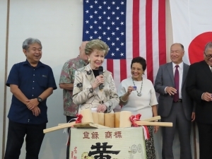 ルー・レオン・ゲレーロ知事、フランク・ブラス議会議長、ラルフ・スガンベリ・ジェームズ・モイラン連邦下院代議員上級顧問から、祝辞とともに上田総領事に対し、顕彰状、議会決議書がそれぞれ手交されました。鏡割りが行われ、マデリン・ボダリオ・グアム知事ワシントンD.C.リエゾン事務所長が乾杯の挨拶を行いました。
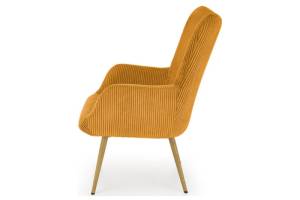 Fotoliu AMARO material plusat-raiat curry, picioare nuanta lemnului, design scandinav 70x80xH97cm
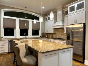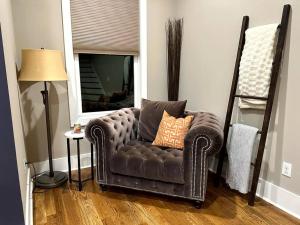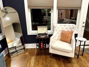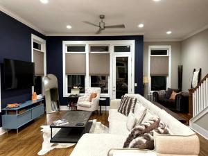 Cette maison de vacances avec climatisation se compose de 3 chambres, d'un salon, d'une cuisine entièrement équipée avec un réfrigérateur et une machine à café, ainsi que de 4 salles de bains avec une douche et un bain à remous. Le linge de lit et les serviettes sont fournis par The AmpHouse I Private Rooftop & Hot Tub I 4 mi to Broadway.
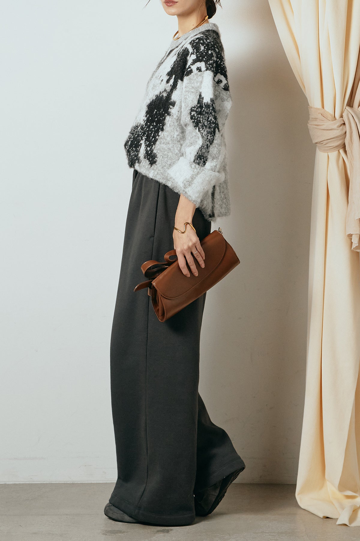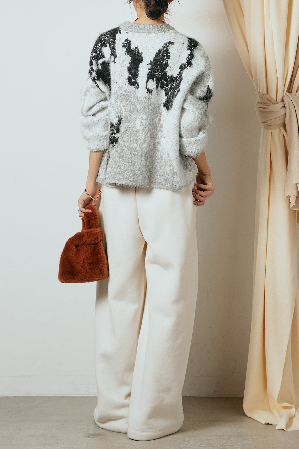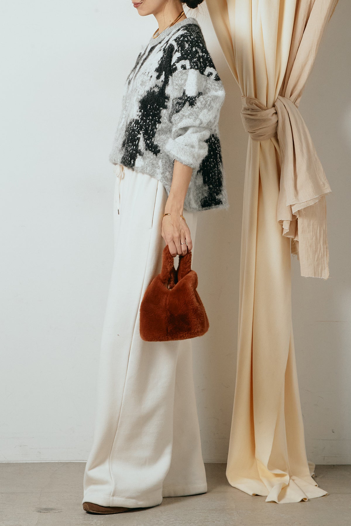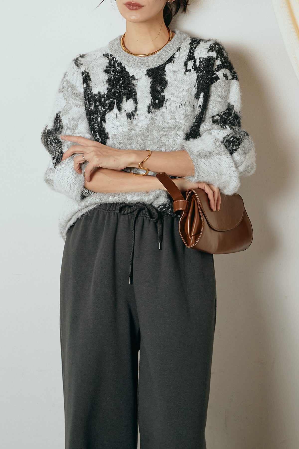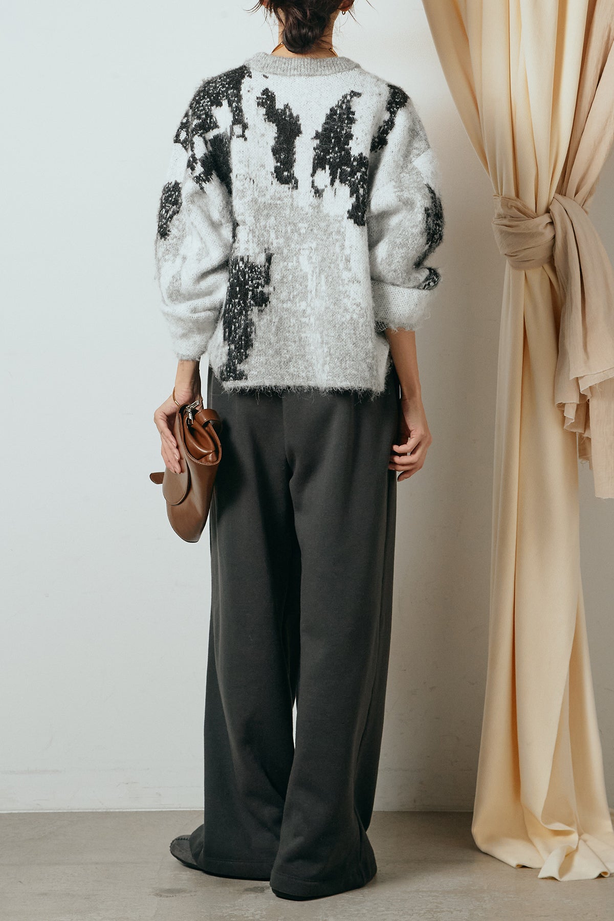 [SET]起毛ニュアンス柄ニットプルオーバー+裏起毛スウェットワイドパンツ(2set)
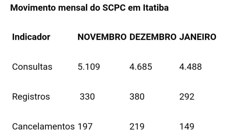 Outra queda foi observada no índice de cancelamentos, referente aos que pagaram suas dívidas e tiveram o nome retirado do SCPC. Em dezembro foram 219. Em janeiro, 149 obtiveram esta conquista. A diminuição é de 31,9%.
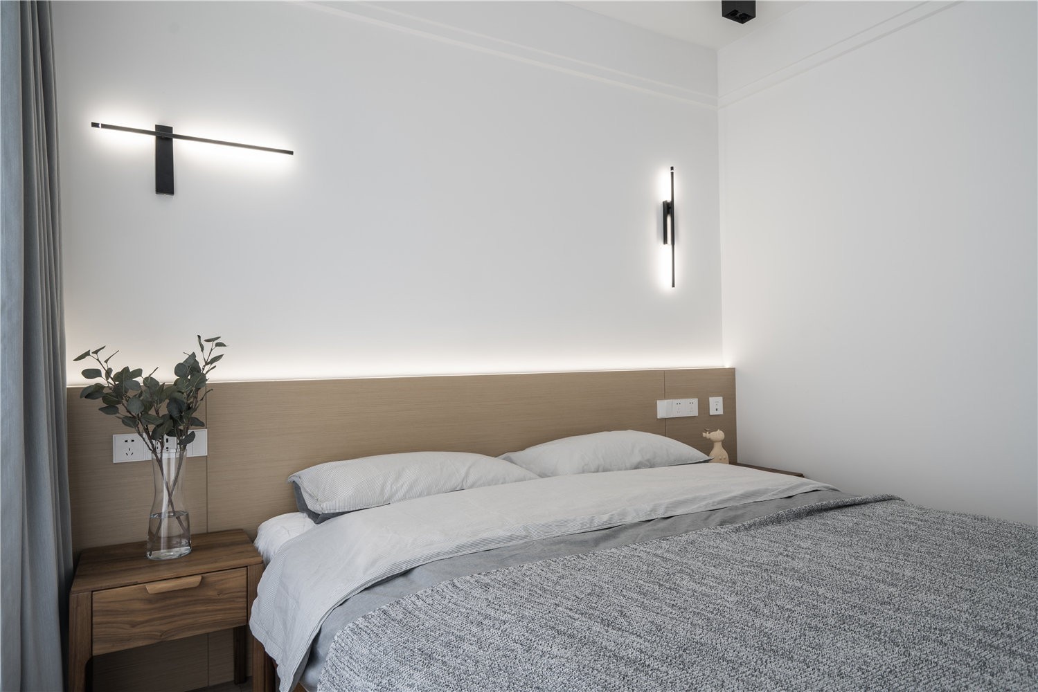 本个案例的主要色彩搭配以黑白灰为主,点缀些许木色,让整个空间多了一些温馨与随性,不至于黑白灰给人一种冷冰冰的体验。这种搭配在主卧尤为明显,既考虑全局的风格协调,又要营造一种卧室温馨、舒适的氛围。
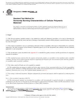 SIGNIFICANCE AND USE 5.1 This test method provides a means of measuring the time and extent of burning for cellular polymeric materials. It also provides a means of measuring burning rates for materials that continue to burn past the specified gage marks. 5.2 This test method provides a means of comparing the burning characteristics of materials of like thickness density, cell size, and skin irregularities, including the effect of falling particles of cellular polymeric materials. It is suitable for quality control, specification acceptance, and for research and development. Examples include filled or reinforced, rigid or flexible, or cut or formed materials 5.3 In this test method, the specimens are subjected to one or more specific sets of laboratory fire test exposure conditions. If different test conditions are substituted or if the anticipated end-use conditions are changed, it is not always possible from this test method to predict changes in the performance characteristics measured. Therefore, the results are strictly valid only for the fire test exposure conditions described in this procedure. 5.4 This test method is not intended to be a criterion for fire hazard. The fire hazard created by materials depends upon the form and end use of the material. Assessment of fire hazard includes, but is not limited to, many factors such as flame spread, burning rate, ease of ignition, fuel contribution, heat evolution, products of combustion, and others. SCOPE 1.1 This fire-test-response standard contains a test method for small-scale laboratory procedures to be used to determine the relative rate of burning and the extent and time of burning of horizontally oriented cellular polymeric materials having a density less than 250 kg/m3. 1.2 The results are intended to serve as a preliminary indication of their acceptability with respect to flammability for a particular application. The final acceptance of the material is dependent upon its use in the end-product that conforms with the standards applicable to such end-product. 1.3 The classification system described in the Appendix X1 is intended for quality assurance and the preselection of component materials for products. 1.4 This standard measures and describes the response of materials, products, or assemblies to heat and flame under controlled conditions, but does not by itself incorporate all factors required for fire hazard or fire risk assessment of the materials, products, or assemblies under actual fire conditions. 1.5 The values stated in SI units are to be regarded as standard. 1.6 This standard does not purport to address all of the safety concerns, if any, associated with its use. It is the responsibility of the user of this standard to establish appropriate safety, health, and environmental practices and determine the applicability of regulatory limitations prior to use. For a specific hazard statement, see 6.1.1. 1.7 Fire testing is inherently hazardous. Adequate safeguards for personnel and property shall be employed in conducting these tests. Note 1: This test method is equivalent to ISO 9772. 1.8 This international standard was developed in accordance with internationally recognized principles on standardization established in the Decision on Principles for the Development of International Standards, Guides and Recommendations issued by the World Trade Organization Technical Barriers to Trade (TBT) Committee.
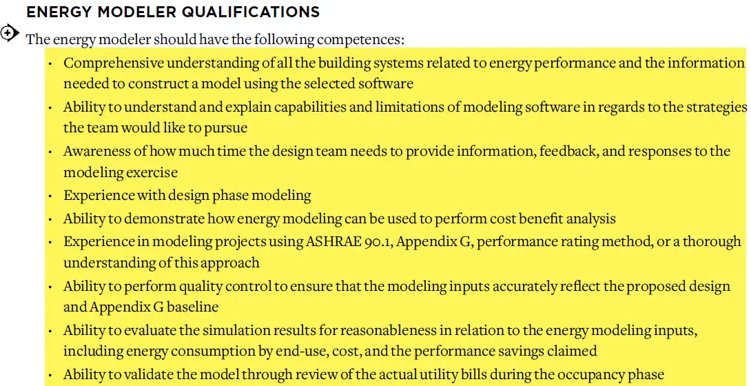 LEED sertifikası referans kitabında tarif edilen enerji modellemesi uzmanının niteliği aşağıdaki görselde belirtilmiştir:
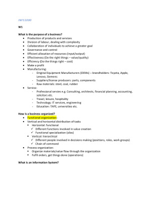 Comprehensive and well-organised note based on lectures. Materials covered only for mid term examination (W1 - W5). A lot of detailed diagrams, examples and screenshots included to help you understand various terms. The contents of the notes are as follows: W1 Introduction to Information Systems W2 Business Processes W3 Strategy & Competitive Advantage W4 Databases & Information W5 Data Modelling (ERD)
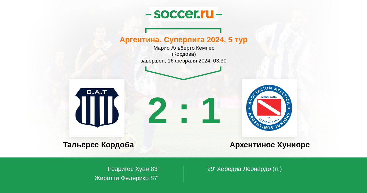Протокол матча Тальерес Кордоба против Архентинос Хуниорс
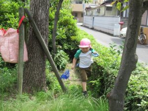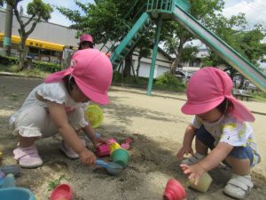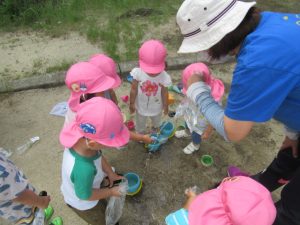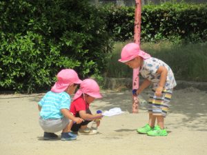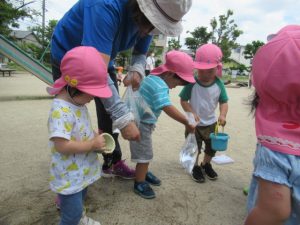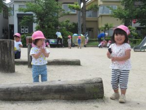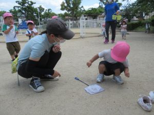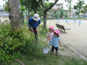 公園に遊びに行きました。どんぐりさんの最近の公園遊びの必需品は虫を追いかけるための網、霧吹きです。虫取り網を使って、モンシロチョウを追いかけて楽しんでいる子ども達です。霧吹きは、自分やお友だちに、大人ににシュッシュして(笑)逃げて笑って楽しんでいます。暑さも少しずつ増してきました。砂遊びは木陰におもちゃを広げたりしています。今日はビニール袋に水を入れて穴をあけて、少し水遊びもしました。
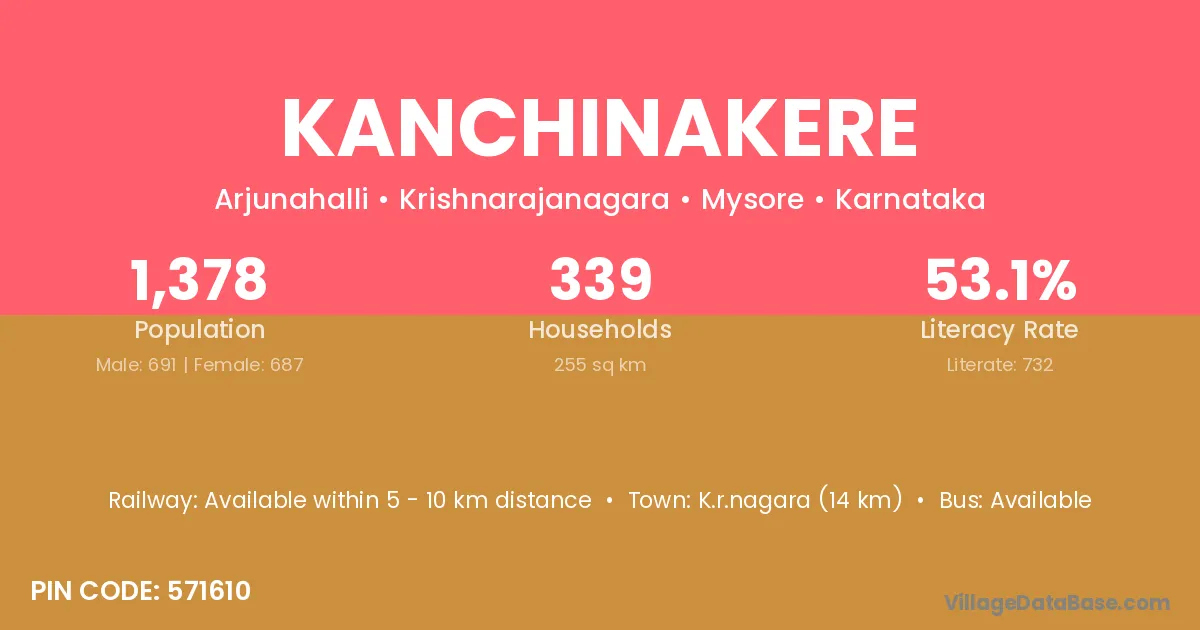 Kanchinakere village has a total population of 1,378 people, of which 691 are males and 687 are females.
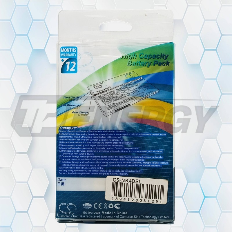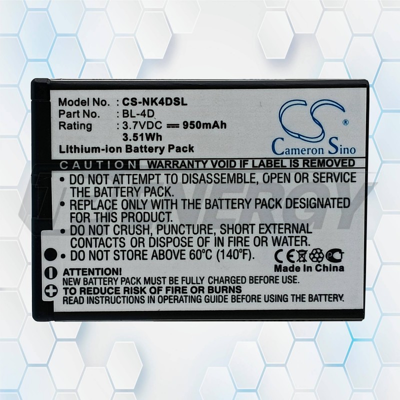La batería de alta capacidad Cameron Sino CS‑NK4DSL es un repuesto profesional diseñado para ofrecer un rendimiento estable en dispositivos compatibles con el modelo BL‑4D. Fabricada con celdas de ion‑litio de alta calidad, proporciona una capacidad de 950 mAh que asegura autonomía adecuada para usos cotidianos y aplicaciones de comunicación intensiva.
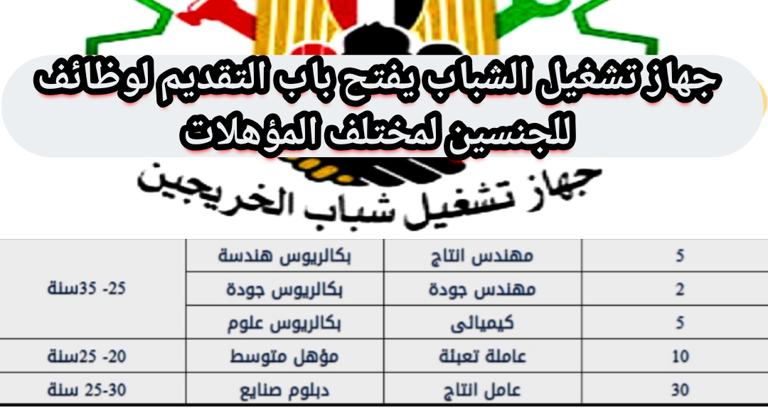 جهاز تشغيل شباب الخريجين يفتح باب التقديم لوظائف للذكور والاناث لمختلف المؤهلات
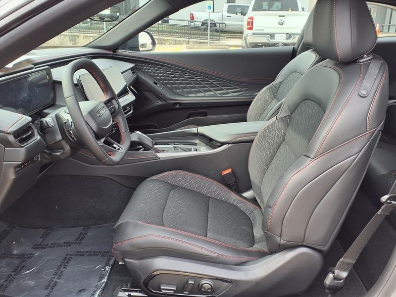 This Charger R/T Scat Pack vehicle comes nicely equipped with Blacktop Package (Dark Exterior Badging, Dual Rear Exhaust with Black Tips, and Wheels: 20'' x 10'' Dark Finish Aluminum), Quick Order Package 22P Scat Pack, AWD, Black Artificial Leather, 10 Speakers, 2-Way Manual Adjust Front Head Restraints, 2-Way Power Driver Lumbar Adjust, 4-Wheel Disc Brakes, 4G LTE Wi-Fi Hot Spot, 8-Way Power Driver Seat Adjust, ABS brakes, Active Noise Control System, Air Conditioning, Alloy wheels, AM/FM radio: SiriusXM w/360L, Apple CarPlay/Android Auto, Auto-dimming Rear-View mirror, Automatic temperature control, Black Seats, Brake assist, Bumpers: body-color, Compass, Connectivity - US/Canada, Delay-off headlights, Disassociated Touchscreen Display, Driver door bin, Driver vanity mirror, Dual front impact airbags, Dual front side impact airbags, Electronic Stability Control, Emergency communication system: Dodge Connect, Four wheel independent suspension, Front anti-roll bar, Front Bucket Seats, Front Center Armrest, Front dual zone A/C, Front License Plate Bracket, Front reading lights, Fully automatic headlights, Garage door transmitter, Heated door mirrors, Heated Exterior Mirrors, Heated Front Seats, Heated front seats, Heated steering wheel, Illuminated entry, Integrated Center Stack Radio, Knee airbag, Leather Shift Knob, Leatherette/Cloth Performance Seats, Low Back Bucket Seats, Low tire pressure warning, Occupant sensing airbag, Outside temperature display, Overhead airbag, Overhead console, Panic alarm, ParkView Rear Back-Up Camera, Passenger door bin, Passenger vanity mirror, Power Adjust Mirrors, Power door mirrors, Power driver seat, Power steering, Power windows, Radio data system, Radio: Uconnect 5 with 12.3'' Display, Rear anti-roll bar, Rear reading lights, Rear seat center armrest, Rear window defroster, Remote keyless entry, Security system, Speed control, Split folding rear seat, Spoiler, Sport steering wheel, Steering wheel mounted audio controls, Tachometer, Telescoping steering wheel, Tilt steering wheel, Traction control, Trip computer, Variably intermittent wipers, Wheels: 20'' x 10'' Aluminum, Wireless Apple CarPlay, and Wireless Google Android Auto.

__________

The preceding entries should be duplicated word for word; no picture belongs in the copy.

**RESULT FOR THIS TASK**
 ルー・レオン・ゲレーロ知事、フランク・ブラス議会議長、ラルフ・スガンベリ・ジェームズ・モイラン連邦下院代議員上級顧問から、祝辞とともに上田総領事に対し、顕彰状、議会決議書がそれぞれ手交されました。鏡割りが行われ、マデリン・ボダリオ・グアム知事ワシントンD.C.リエゾン事務所長が乾杯の挨拶を行いました。
 Fotoliu AMARO material plusat-raiat curry, picioare nuanta lemnului, design scandinav 70x80xH97cm
 Cette maison de vacances avec climatisation se compose de 3 chambres, d'un salon, d'une cuisine entièrement équipée avec un réfrigérateur et une machine à café, ainsi que de 4 salles de bains avec une douche et un bain à remous. Le linge de lit et les serviettes sont fournis par The AmpHouse I Private Rooftop & Hot Tub I 4 mi to Broadway.
 [SET]起毛ニュアンス柄ニットプルオーバー+裏起毛スウェットワイドパンツ(2set)
 Outra queda foi observada no índice de cancelamentos, referente aos que pagaram suas dívidas e tiveram o nome retirado do SCPC. Em dezembro foram 219. Em janeiro, 149 obtiveram esta conquista. A diminuição é de 31,9%.
 本个案例的主要色彩搭配以黑白灰为主,点缀些许木色,让整个空间多了一些温馨与随性,不至于黑白灰给人一种冷冰冰的体验。这种搭配在主卧尤为明显,既考虑全局的风格协调,又要营造一种卧室温馨、舒适的氛围。
 SIGNIFICANCE AND USE 5.1 This test method provides a means of measuring the time and extent of burning for cellular polymeric materials. It also provides a means of measuring burning rates for materials that continue to burn past the specified gage marks. 5.2 This test method provides a means of comparing the burning characteristics of materials of like thickness density, cell size, and skin irregularities, including the effect of falling particles of cellular polymeric materials. It is suitable for quality control, specification acceptance, and for research and development. Examples include filled or reinforced, rigid or flexible, or cut or formed materials 5.3 In this test method, the specimens are subjected to one or more specific sets of laboratory fire test exposure conditions. If different test conditions are substituted or if the anticipated end-use conditions are changed, it is not always possible from this test method to predict changes in the performance characteristics measured. Therefore, the results are strictly valid only for the fire test exposure conditions described in this procedure. 5.4 This test method is not intended to be a criterion for fire hazard. The fire hazard created by materials depends upon the form and end use of the material. Assessment of fire hazard includes, but is not limited to, many factors such as flame spread, burning rate, ease of ignition, fuel contribution, heat evolution, products of combustion, and others. SCOPE 1.1 This fire-test-response standard contains a test method for small-scale laboratory procedures to be used to determine the relative rate of burning and the extent and time of burning of horizontally oriented cellular polymeric materials having a density less than 250 kg/m3. 1.2 The results are intended to serve as a preliminary indication of their acceptability with respect to flammability for a particular application. The final acceptance of the material is dependent upon its use in the end-product that conforms with the standards applicable to such end-product. 1.3 The classification system described in the Appendix X1 is intended for quality assurance and the preselection of component materials for products. 1.4 This standard measures and describes the response of materials, products, or assemblies to heat and flame under controlled conditions, but does not by itself incorporate all factors required for fire hazard or fire risk assessment of the materials, products, or assemblies under actual fire conditions. 1.5 The values stated in SI units are to be regarded as standard. 1.6 This standard does not purport to address all of the safety concerns, if any, associated with its use. It is the responsibility of the user of this standard to establish appropriate safety, health, and environmental practices and determine the applicability of regulatory limitations prior to use. For a specific hazard statement, see 6.1.1. 1.7 Fire testing is inherently hazardous. Adequate safeguards for personnel and property shall be employed in conducting these tests. Note 1: This test method is equivalent to ISO 9772. 1.8 This international standard was developed in accordance with internationally recognized principles on standardization established in the Decision on Principles for the Development of International Standards, Guides and Recommendations issued by the World Trade Organization Technical Barriers to Trade (TBT) Committee.
 LEED sertifikası referans kitabında tarif edilen enerji modellemesi uzmanının niteliği aşağıdaki görselde belirtilmiştir:
 Comprehensive and well-organised note based on lectures. Materials covered only for mid term examination (W1 - W5). A lot of detailed diagrams, examples and screenshots included to help you understand various terms. The contents of the notes are as follows: W1 Introduction to Information Systems W2 Business Processes W3 Strategy & Competitive Advantage W4 Databases & Information W5 Data Modelling (ERD)
Протокол матча Тальерес Кордоба против Архентинос Хуниорс
 公園に遊びに行きました。どんぐりさんの最近の公園遊びの必需品は虫を追いかけるための網、霧吹きです。虫取り網を使って、モンシロチョウを追いかけて楽しんでいる子ども達です。霧吹きは、自分やお友だちに、大人ににシュッシュして(笑)逃げて笑って楽しんでいます。暑さも少しずつ増してきました。砂遊びは木陰におもちゃを広げたりしています。今日はビニール袋に水を入れて穴をあけて、少し水遊びもしました。
 Kanchinakere village has a total population of 1,378 people, of which 691 are males and 687 are females.
La batería de alta capacidad Cameron Sino CS‑NK4DSL es un repuesto profesional diseñado para ofrecer un rendimiento estable en dispositivos compatibles con el modelo BL‑4D. Fabricada con celdas de ion‑litio de alta calidad, proporciona una capacidad de 950 mAh que asegura autonomía adecuada para usos cotidianos y aplicaciones de comunicación intensiva.
 جهاز تشغيل شباب الخريجين يفتح باب التقديم لوظائف للذكور والاناث لمختلف المؤهلات
 This Charger R/T Scat Pack vehicle comes nicely equipped with Blacktop Package (Dark Exterior Badging, Dual Rear Exhaust with Black Tips, and Wheels: 20'' x 10'' Dark Finish Aluminum), Quick Order Package 22P Scat Pack, AWD, Black Artificial Leather, 10 Speakers, 2-Way Manual Adjust Front Head Restraints, 2-Way Power Driver Lumbar Adjust, 4-Wheel Disc Brakes, 4G LTE Wi-Fi Hot Spot, 8-Way Power Driver Seat Adjust, ABS brakes, Active Noise Control System, Air Conditioning, Alloy wheels, AM/FM radio: SiriusXM w/360L, Apple CarPlay/Android Auto, Auto-dimming Rear-View mirror, Automatic temperature control, Black Seats, Brake assist, Bumpers: body-color, Compass, Connectivity - US/Canada, Delay-off headlights, Disassociated Touchscreen Display, Driver door bin, Driver vanity mirror, Dual front impact airbags, Dual front side impact airbags, Electronic Stability Control, Emergency communication system: Dodge Connect, Four wheel independent suspension, Front anti-roll bar, Front Bucket Seats, Front Center Armrest, Front dual zone A/C, Front License Plate Bracket, Front reading lights, Fully automatic headlights, Garage door transmitter, Heated door mirrors, Heated Exterior Mirrors, Heated Front Seats, Heated front seats, Heated steering wheel, Illuminated entry, Integrated Center Stack Radio, Knee airbag, Leather Shift Knob, Leatherette/Cloth Performance Seats, Low Back Bucket Seats, Low tire pressure warning, Occupant sensing airbag, Outside temperature display, Overhead airbag, Overhead console, Panic alarm, ParkView Rear Back-Up Camera, Passenger door bin, Passenger vanity mirror, Power Adjust Mirrors, Power door mirrors, Power driver seat, Power steering, Power windows, Radio data system, Radio: Uconnect 5 with 12.3'' Display, Rear anti-roll bar, Rear reading lights, Rear seat center armrest, Rear window defroster, Remote keyless entry, Security system, Speed control, Split folding rear seat, Spoiler, Sport steering wheel, Steering wheel mounted audio controls, Tachometer, Telescoping steering wheel, Tilt steering wheel, Traction control, Trip computer, Variably intermittent wipers, Wheels: 20'' x 10'' Aluminum, Wireless Apple CarPlay, and Wireless Google Android Auto.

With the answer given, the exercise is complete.